Doubtless, sylvacultural techniques would have differed culturally and geographically, but in general it seems to have included both the management of existing forests to promote the growth of productive old trees, and the planting of new trees in orchards. It was chiefly centered around settlements, where foods could be easily harvested and protected against pests and, no doubt, other humans. Pawpaw (Asimina triloba)oaks, Shagbark Hickory, Shellbark Hickory (Carya laciniosa), Pecan (Carya illinoinensis), American Chestnut, Allegheny Chinquapin (Castanea pumila), hazels, Black Walnut, Butternut, and American Beech were all utilized as food, and may all have been part of sylvacultural practices throughout eastern North America. The reality is, we don't know much about  historical first nations sylviculture, but what evidence we do have comes mainly from studies of witness tree records in the United States. Witness trees were trees marked and noted by surveyors as they laid out plots of land.
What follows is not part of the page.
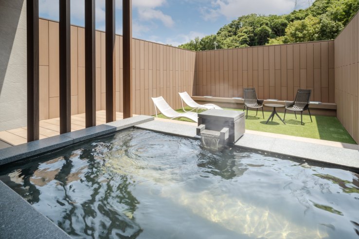 For a truly indulgent stay, consider booking a guest room with a private open-air hot spring bath. These luxurious room types feature spacious terraces with grassy areas. You can also enjoy the natural hot spring “Ogurayama Onsen” 24 hours a day, without leaving your room. Without time constraints or concerns about privacy, you can unwind at your own pace. Rest in the steaming water and feel your whole body relax. The terrace and open-air bath are especially charming at night as they grant unobstructed views of the starry night sky.

In theory, witness trees should be representative of the relative abundance of species that were present when surveyors moved through a region, usually sometime in the 1700's and 1800's. Surveyors would have marked whatever tree was closest to corners of the lots they were mapping, so trees were essentially selected randomly (though some bias for selecting trees of certain size or species may have existed). Thanks to this historic record, ecologists have been able to show that a disproportionate number of witness trees around known former first nations settlements are nut-bearing trees.

First nations people may have reduced competition around nut-bearing trees by girdling or otherwise removing adjacent competitors. They also planted trees around settlements, sometimes in large orchards, if historical accounts are accurate. In the course of establishing orchards, trees were sometimes moved well beyond their normal range. I suspect that the few Shellbark Hickories near Long Point, Ontario, may have been moved there (as nuts) by first nations people; the massive nuts of Shagbark Hickory are not likely to have been transported by wildlife over such a long distance from the next nearest populations: 135 km away on the Niagara Peninsula and 200 km away in Essex County. A similarly disjunct population of Pawpaws, again near Long Point, may have been established in the same way. Pawpaw produces the largest fruit of any native tree in North American and were certainly utilized by first nations south of the Great Lakes, so would have been a likely candidate for human-facilitated range expansion. In my childhood haunts of eastern Ontario, there is an isolated population of Bear Oak (Quercus ilicifolia), 200 km distant from the next nearest population in New York State, which is itself disjunct from the species' main range by a similar distance. Was this species brought to eastern Ontario by first nations people? Bear Oak isn't known to have been a particularly important food source, compared to Common White Oak for example, but Bear Oak acorns may have been accidentally transported along with other oaks and either discarded to grow feral or intentionally planted.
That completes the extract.